Recentemente fui convidado por uma jornalista a expressar a minha opinião de especialista (biologia evolutiva) sobre a realidade biológica das raças humanas. Hesitei porque a diversidade biológica das populações humanas não é o meu objeto de estudo. O meu conhecimento científico dessa realidade resulta mais da leitura crítica de bibliografia científica e material de divulgação sobre a matéria. Por outro lado, a minha especialidade é exatamente o estudo da diversidade biológica (genética e fenotípica) e da sua distribuição (filo)geográfica, das interações genéticas e ecológicas entre populações diferenciadas (hibridação sensu lato e miscigenação), e de processos de especiação. Aceitei o convite.
Decidi aplicar os mesmos critérios de análise biológica que tenho aplicado a outros objetos biológicos (anfíbios) a dados de diversidade genética e fenotípica conhecidos para populações humanas. Explicitarei o meu pensamento detalhado noutra altura. Aqui apenas quero afirmar que não foi fácil chegar a uma conclusão dada a complexidade da realidade biológica. Os dados tanto podem ser usados para apoiar a realidade biológica de raças humanas como usados para concluir que a divisão da humanidade em raças não é a melhor forma de descrever a distribuição da sua diversidade genética. No final, escolhi este último caminho como aquele que é mais coerente com o meu percurso científico conceptual. Só que o meu percurso, a minha forma de ver o mundo como um conjunto de continuidades mais ou menos descontínuas está apenas a um passo de outra forma de ver o mundo, como um conjunto de descontinuidades mais ou menos contínuas. É um simples problema de iluminação de gradientes e de fractais. Lembram-se do fractal? Pois aí está, essa minha visão de mundo resulta da análise de gradientes espaço-tempo em realidades quasi-fractais.

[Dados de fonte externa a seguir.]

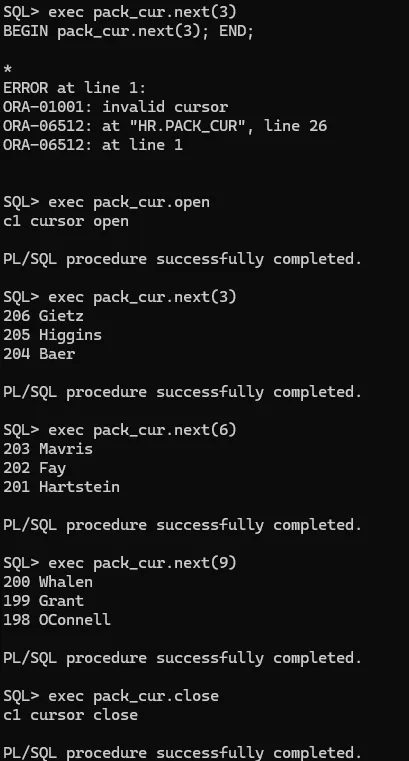 ORA-01001: invalid cursor - 프로그램 호출이 끝나면 커서를 close하지 않았더라도 오라클이 암시적으로 커서를 닫아줌

A minha frustração com a comunicação de ciência do cientista Sérgio Pena resulta da aparente leveza da sua abordagem, dando a entender que a verdade anunciada é natural e insofismável perante os dados disponíveis. Mas a análise dos dados disponíveis sobre a diversidade genética humana levanta mais questões do ponto de vista biológico do que aquelas que permite responder. Claramente é necessária mais informação para iluminar os vários debates que se desenham no futuro. Estamos longe ainda de qualquer verdade científica! Assim sendo, penso que a comunicação da ciência à sociedade deveria ser, ou pelo menos parecer, mais rigorosa e cuidadosa.
Termino com uma pergunta a Sérgio Pena. Se surgisse algum dado novo que fizesse pesar o prato da balança em favor da realidade biológica das raças humanas, de que modo deveria essa verdade científica “instruir a esfera social”? Ou não deveria?
Proponho que se debata este tema um dia na(o) Roda de ciência.